- _Your objective_
What is needed is every line from the one holding "Der Seitenschrank stellt" to the last line of the data below, printed exactly and without pictures.

[[ Data provided, beginning ]]

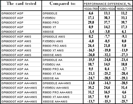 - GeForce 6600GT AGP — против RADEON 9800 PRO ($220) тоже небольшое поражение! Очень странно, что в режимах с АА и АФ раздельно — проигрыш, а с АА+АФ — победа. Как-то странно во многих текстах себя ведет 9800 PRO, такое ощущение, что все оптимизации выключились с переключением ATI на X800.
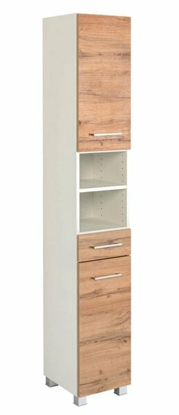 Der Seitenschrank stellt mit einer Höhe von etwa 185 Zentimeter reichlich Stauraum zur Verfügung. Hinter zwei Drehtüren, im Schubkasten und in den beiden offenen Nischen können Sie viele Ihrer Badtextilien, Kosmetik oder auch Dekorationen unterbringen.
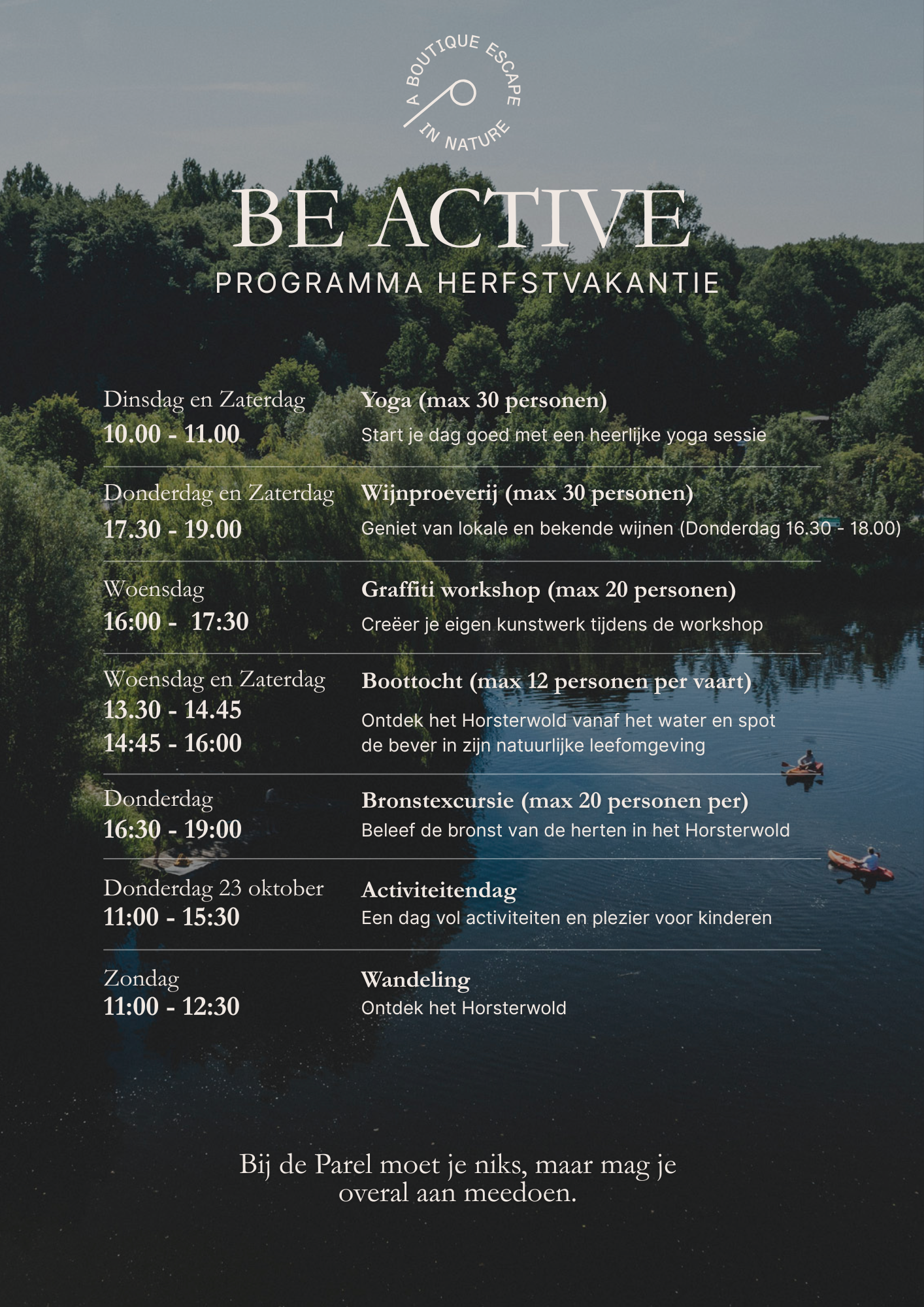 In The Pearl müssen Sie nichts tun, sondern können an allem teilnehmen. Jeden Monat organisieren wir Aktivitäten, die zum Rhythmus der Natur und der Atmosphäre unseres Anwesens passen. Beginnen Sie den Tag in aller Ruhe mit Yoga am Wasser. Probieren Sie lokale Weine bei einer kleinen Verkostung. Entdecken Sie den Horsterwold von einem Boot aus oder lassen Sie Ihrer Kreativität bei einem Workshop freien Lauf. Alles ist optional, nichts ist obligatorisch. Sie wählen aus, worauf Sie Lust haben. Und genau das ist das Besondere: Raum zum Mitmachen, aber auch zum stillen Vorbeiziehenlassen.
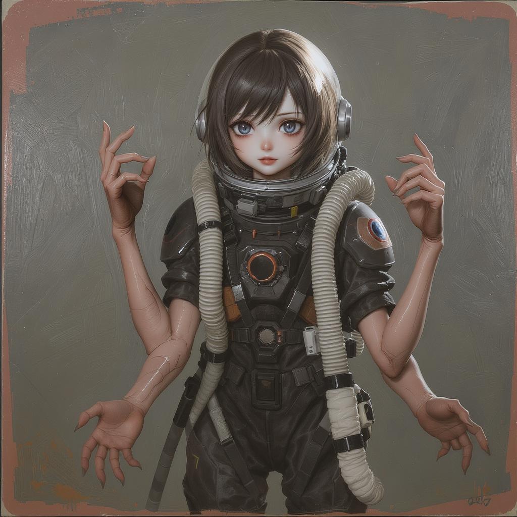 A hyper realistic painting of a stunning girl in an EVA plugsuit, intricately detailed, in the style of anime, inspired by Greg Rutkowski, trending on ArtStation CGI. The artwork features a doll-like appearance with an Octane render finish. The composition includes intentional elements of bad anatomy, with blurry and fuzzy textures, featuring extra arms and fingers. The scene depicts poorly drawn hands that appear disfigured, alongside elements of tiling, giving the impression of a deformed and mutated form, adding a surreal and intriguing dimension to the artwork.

[[ Data provided, end ]]

- _Exercise answer_
 Der Seitenschrank stellt mit einer Höhe von etwa 185 Zentimeter reichlich Stauraum zur Verfügung. Hinter zwei Drehtüren, im Schubkasten und in den beiden offenen Nischen können Sie viele Ihrer Badtextilien, Kosmetik oder auch Dekorationen unterbringen.
 In The Pearl müssen Sie nichts tun, sondern können an allem teilnehmen. Jeden Monat organisieren wir Aktivitäten, die zum Rhythmus der Natur und der Atmosphäre unseres Anwesens passen. Beginnen Sie den Tag in aller Ruhe mit Yoga am Wasser. Probieren Sie lokale Weine bei einer kleinen Verkostung. Entdecken Sie den Horsterwold von einem Boot aus oder lassen Sie Ihrer Kreativität bei einem Workshop freien Lauf. Alles ist optional, nichts ist obligatorisch. Sie wählen aus, worauf Sie Lust haben. Und genau das ist das Besondere: Raum zum Mitmachen, aber auch zum stillen Vorbeiziehenlassen.
 A hyper realistic painting of a stunning girl in an EVA plugsuit, intricately detailed, in the style of anime, inspired by Greg Rutkowski, trending on ArtStation CGI. The artwork features a doll-like appearance with an Octane render finish. The composition includes intentional elements of bad anatomy, with blurry and fuzzy textures, featuring extra arms and fingers. The scene depicts poorly drawn hands that appear disfigured, alongside elements of tiling, giving the impression of a deformed and mutated form, adding a surreal and intriguing dimension to the artwork.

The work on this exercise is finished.